Summon Annual General Meeting 2008 HL Display AB


The shareholders of HL Display AB (publ) are herewith summoned to the
annual general meeting on Wednesday,
2 April 2008 at 16.00 to be held at Näringslivets Hus, Solen,
Storgatan 19, Stockholm.

PARTICIPATION
Shareholders that wish to participate at the annual general meeting
shall:
be registered in the shareholders' register recorded by VPC AB at 27
March 2008,
and notify if they, and the number of deputies, that intend to
participate at the general meeting no later than at 16.00 on Thursday
27 March 2008 to HL Display AB (publ), Horisontvägen 26, SE-128 34
Skarpnäck, Sweden, fax +46 (0)8-683 73 01, e-mail
anmalan@hl-display.com or on the website at www.hl-display.com.

Nominee registered shares
Shareholders whose shares are nominee registered shall, before 27
March 2008, through the nominee temporarily register the shares in
the shareholders own name to be entitled to participate at the
general meeting.

SHARES AND VOTES
HL Display AB has 7,734,772 shares, of which 913,024 are class A
shares and 6,821,748 are class B shares, which means 1,595,198.8
votes.

PROPOSED AGENDA
The following items will be dealt with at the annual general meeting:
1.      Opening of the general meeting
2.      Election of chairman for the general meeting.
3.      Drawing up and approval of the electoral register.
4.      Approval of the agenda.
5.      Election of one or two persons to verify the minutes.
6.      Decision of whether the general meeting has been lawfully
convened.
7.      Report by the chief executive officer Gérard Dubuy.
8.      Presentation of the annual accounts and the audit report plus
the consolidated accounts and the consolidated audit report.
9.      Decision to;
a)   adopt the income statement and the balance sheet as well as the
consolidated income statement and the consolidated balance sheet.
b)   allocate the company's profit in accordance with the adopted
balance sheet.
c)   discharge the directors of the board and the chief executive
officer for their administration of the company.
10.    Establishment of the number of board members and the number of
auditors and fees to the board of directors and the auditor.
11.    Election of board members, chairman of the board and auditors.
12.    Decision regarding guidelines for remuneration to senior
executives.
13.    Decision regarding guidelines for the appointment of a
nomination committee.
14.    Decision regarding share split and related changes of the
articles of association.
15.    Decision regarding changes of the articles of association.
16.    Meeting closes.

PROPOSALS FOR DECISION
Dividend (Item 9 b)
The board proposes a dividend of SEK 5,50 per share.
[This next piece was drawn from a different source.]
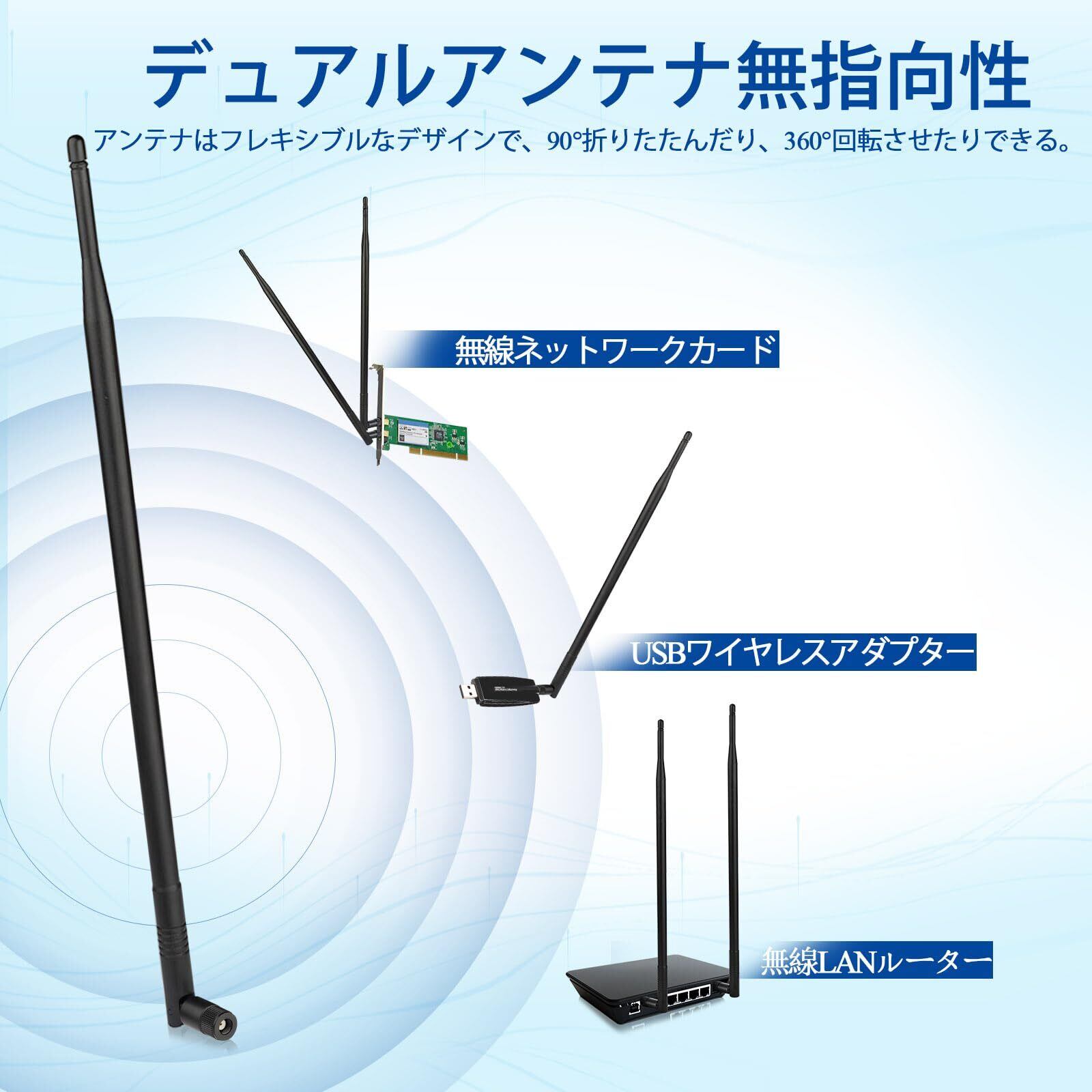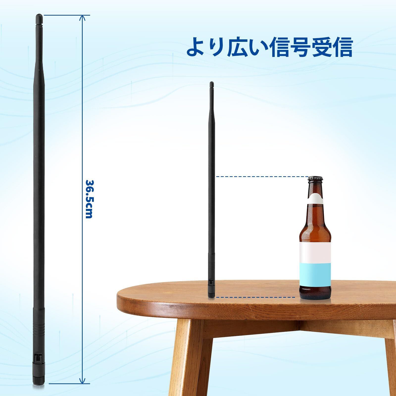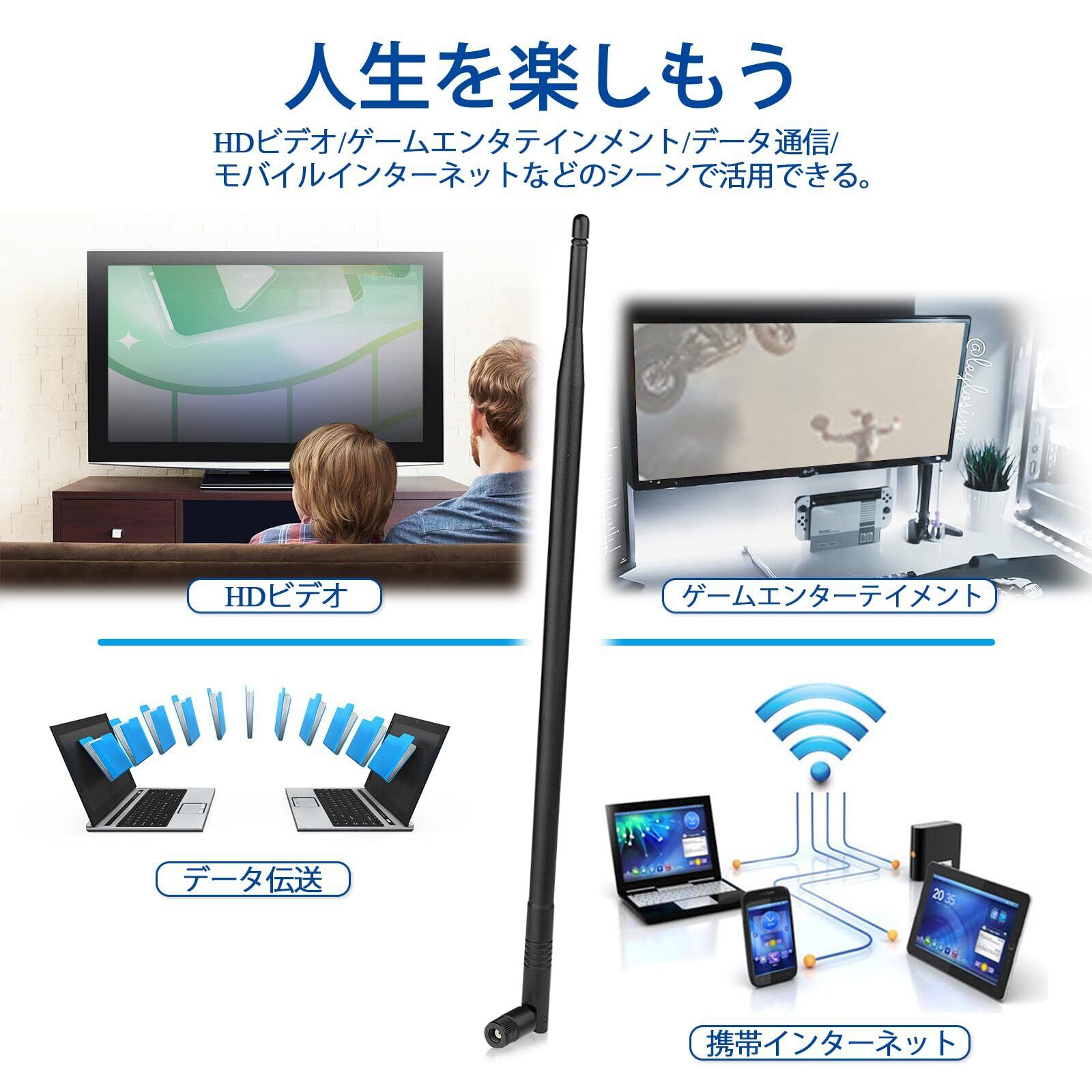 「高利得8dBi設計によるこのアンテナは、信号強度を大幅に向上させます。2.4GHzおよび5GHzの周波数帯域に対応し、さまざまなデバイスと高い接続性を持つため、快適なネットワークを提供します。」

The record day
is proposed to be 7 April 2008. If the annual general meeting agrees
to the proposal, it is expected that the divided will be issued by
VPC on 10 April 2008.

Establishment of the number of board members and number of auditors
and fees to the board of directors and the auditor (Item 10)
The nomination committee proposes that the board of directors shall
consist of 8 members elected by the general meeting and that a
registered accounting firm shall be appointed as the auditor of the
company.

The nomination committee also proposes that the fee to the board in
total shall be SEK 1,250,000 to be distributed with SEK 250,000 to
the chairman of the board, and SEK 150,000 to each of the other
members of the board that is not employed by the company. Within the
framework for the fee to the board of directors a member of the
remuneration committee or the audit committee may, if substantial
extra work is performed, be entitled to an extra fee of maximum SEK
50,000 per person, but in total no more than SEK 100,000. The
auditors shall be paid against approved invoices.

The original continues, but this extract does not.